Electronic Configuration¶
Not specifying occupation numbers in input will not automatically result in the computational of the ground state. It may even lead to non-convergence in the SCF and/or in the determination of minimum-energy geometries or transition states. Therefore: whenever possible, specify occupation numbers explicitly in input (key OCCUPATIONS)!
Misunderstanding results of a calculation may easily result from a lack of awareness of how ADF treats the electronic configuration, which orbitals are occupied and which are empty. Unless you specify occupation numbers in input they will be determined from the aufbau principle but only during the first few SCF cycles. Thereafter the distribution of electrons over the different symmetry representations is frozen (see the key OCCUPATIONS, options AUFBAU and aufbau2). If at that point the potential has not yet sufficiently relaxed to self-consistency the final situation may be non-aufbau.
A related aspect is that the ground state does not necessarily have an aufbau occupation scheme. In principle, different competing electronic states have to be evaluated to determine which has the lowest total (strongest bonding) energy.
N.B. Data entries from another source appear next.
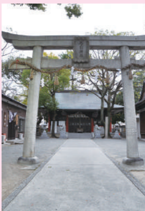
西の弓削神社(八尾市弓削町)▼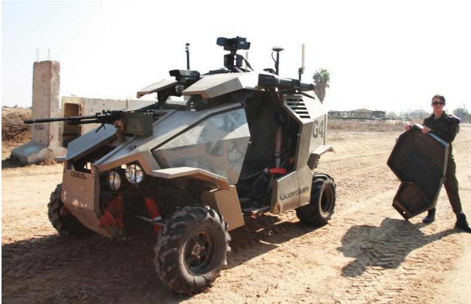
Slika 3. Primjer autonomnog vozila razvijenog od strane DARPA 23

„Rojstvo“ („Swarming“) je jedinstveni podskup autonomnog razvoja vozila, sa konceptima koji se kreću od velikih formacija jeftinih vozila dizajniranih da prevladaju odbrambene sisteme do malih eskadrila, vozila koja saraduju kako bi obezbedili elektronski napad, podršku za vatru i lokalizovane mreže za navigaciju i komunikaciju formacije trupa (kao roj insekata, po čemu je sistem i dobio ime). Trenutno se razvija nekoliko različitih rojevačkih sposobnosti. Na primjer, u novembru 2016. godine, mornarica je završila testiranje roja od pet bespilotnih brodova koji su zajednički patrolirali dijelom od 4 do 4 milje zaliva Chesapeake i presreli brod „uljez“. Rezultati ovog eksperimenta mogu dovesti do razvoja AI tehnologije prilagođene za odbranu luka, lovnih podmornica ili izviđanje pred većim brodovima. Mornarica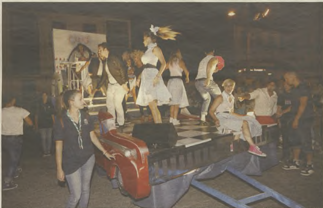
No pudieron faltar los clásicos de la música en la televisión.

Fueron muchas las personas de la ciudad, y también de otras poblaciones cercanas, las que se dieron cita en las calles de Guadalajara para presenciar un desfile lleno de detalles y con una acertada contextualización, que sembró la expectación suficiente para que se espere con entusiasmo el desfile de carrozas del próximo año.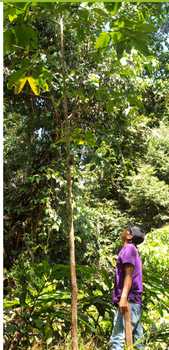
Arbeiter mit 2011 gepflanztem Baum

Andere Tiere wie dieser Orang Utan in Tabin profitieren schon bald von den ersten Früchten unserer gepflanzten Bäume.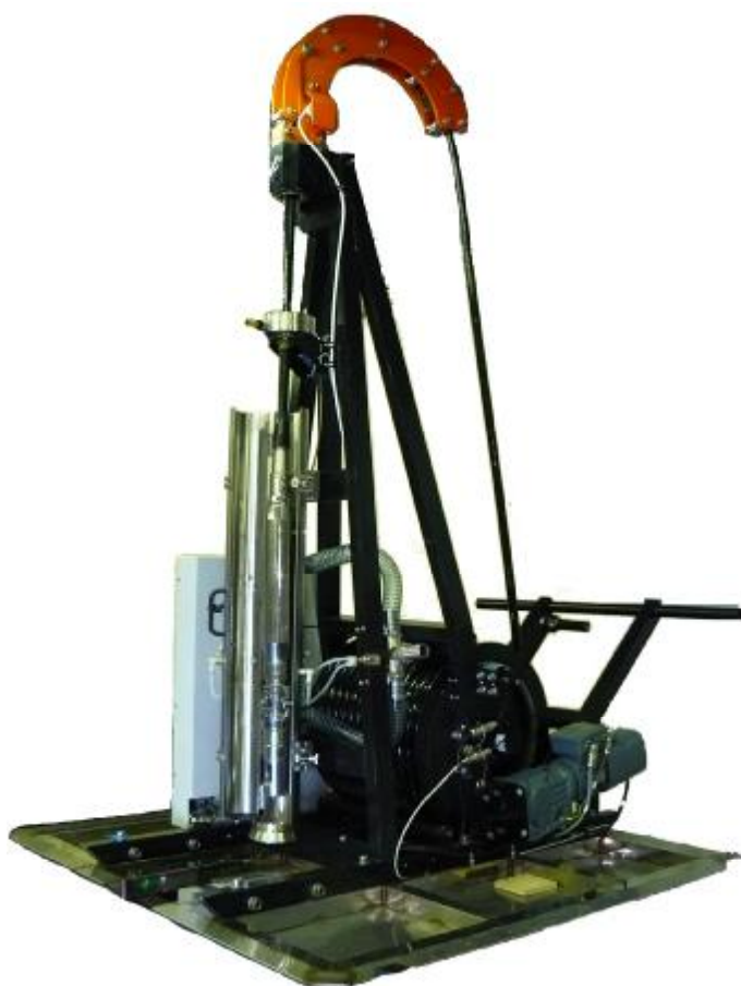
а) УЗ-СИПИ-М с зондом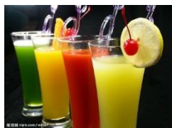
果汁 guǒ zhī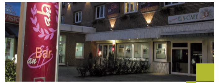
Seit 1974 vor Ort: das An-Hotel.

können zusammen mit dem Personal des Hotels geplant und durchgeführt werden. Sollten die Gäste darüber hinaus nach einer tiefwirkenden Entspannung suchen, bietet das Hotel Reiki-Behandlungen zu erschwinglichen Preisen an. Neue Öffnungszeiten: Mo, Die, Mi 17 – 22 Uhr Do 17 – 23 Uhr Fr 17 – 1 Uhr Sa 10 – 1 Uhr So 10 – 14 Uhr Infos und Buchungen unter: www.an-hotel.de oder Telefon: 02592 3773.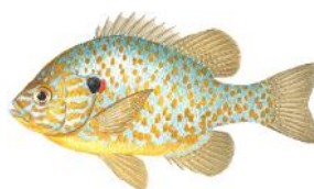
Perca-sol ( Lepomis gibbosus )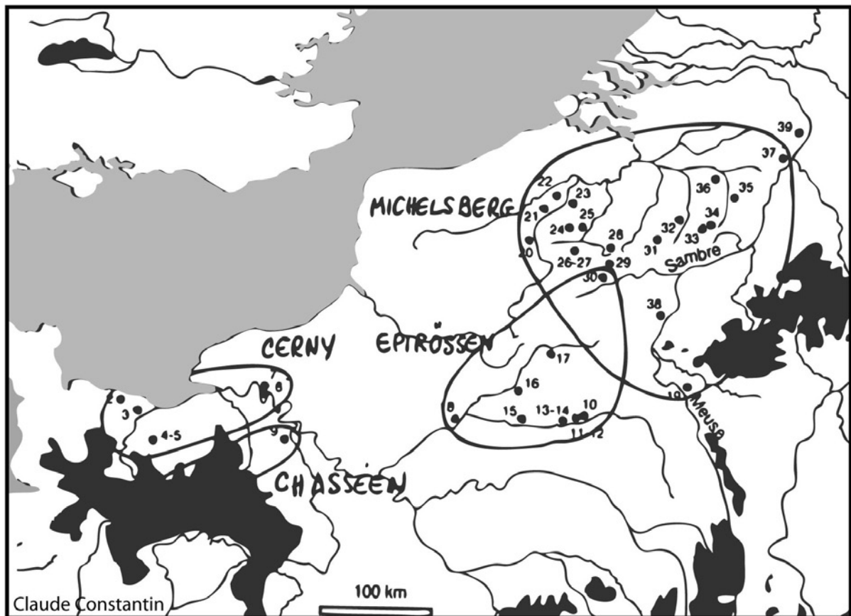
Fig. 4. Développement chronologique de l'utilisation de mousse comme dégraissant du sud-ouest vers le nord-est (d'environ 4500 à 3800 BC).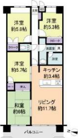
[間取り図・図面][間取り図]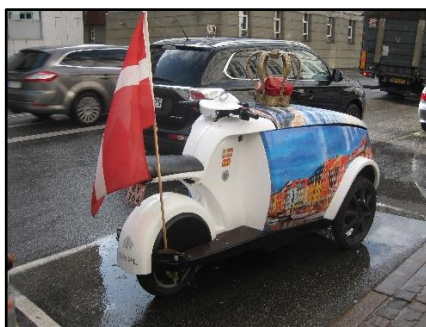
Cafe Toldbodens vartegn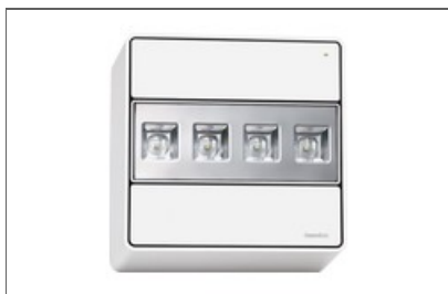
ATRIA 22 (AT,B)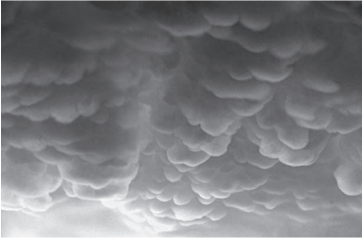
Imagen 9: Mamma fotografiada sobre la ciudad de Rosario, Argentina.

en forma de bolsas similares a pechos, lo que da lugar a su nombre (imagen 9).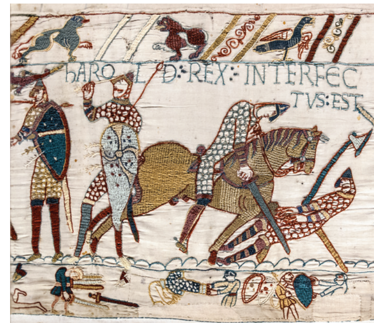
Fragmento del tapiz de Bayeux, que relata la batalla de Hastings, creado entre 1082 y 1096. La Tapisserie de Bayeux, Calvados, Francia

Check output always carefully as to which orbitals are occupied. In general, whenever possible, supply occupation numbers in input. Be aware that the automatic choice by the program may in a Geometry Optimization result in different configurations in successive geometries: the automatic assessment by the program will be carried out anew in each SCF procedure. If competing configurations with comparable energies have different equilibrium geometries, the geometry optimization has a high failure probability. The gradients computed from the SCF solution of a particular configuration drive the atoms in a certain direction, but in the next geometry, when the program re-determines the occupations and finds a different configuration, the resulting gradients may drive the atoms in another direction.
See the keys CHARGE and OCCUPATIONS for user-control of occupation numbers.
Spin-unrestricted versus spin-restricted, Spin states¶
If your molecule has unpaired electrons, you should run an unrestricted calculation, in principle. However, if this exhibits convergence problems (or if you simply want to save time: an unrestricted calculation takes a factor 2 more CPU time and data storage), you may consider to do it in two steps. First, run a spin-restricted calculation. Then perform a spin-unrestricted calculation using the restricted TAPE21 as a restart file. In the follow-up calculation you should specify the precise occupation numbers for the state you’re interested in, and use the SCF input key to specify only one SCF cycle (iterations=1). This prohibits convergence (so you keep the converged restricted orbitals) and gives you a fairly adequate approximation to a converged unrestricted result. See also the H2 example run for a discussion in the Examples document.
An unrestricted calculation does not necessarily yield the multiplet configuration (triple, doublet ...). This is a rather complicated matter, see the discussion on multiplet states, key SLATERDETERMINANTS.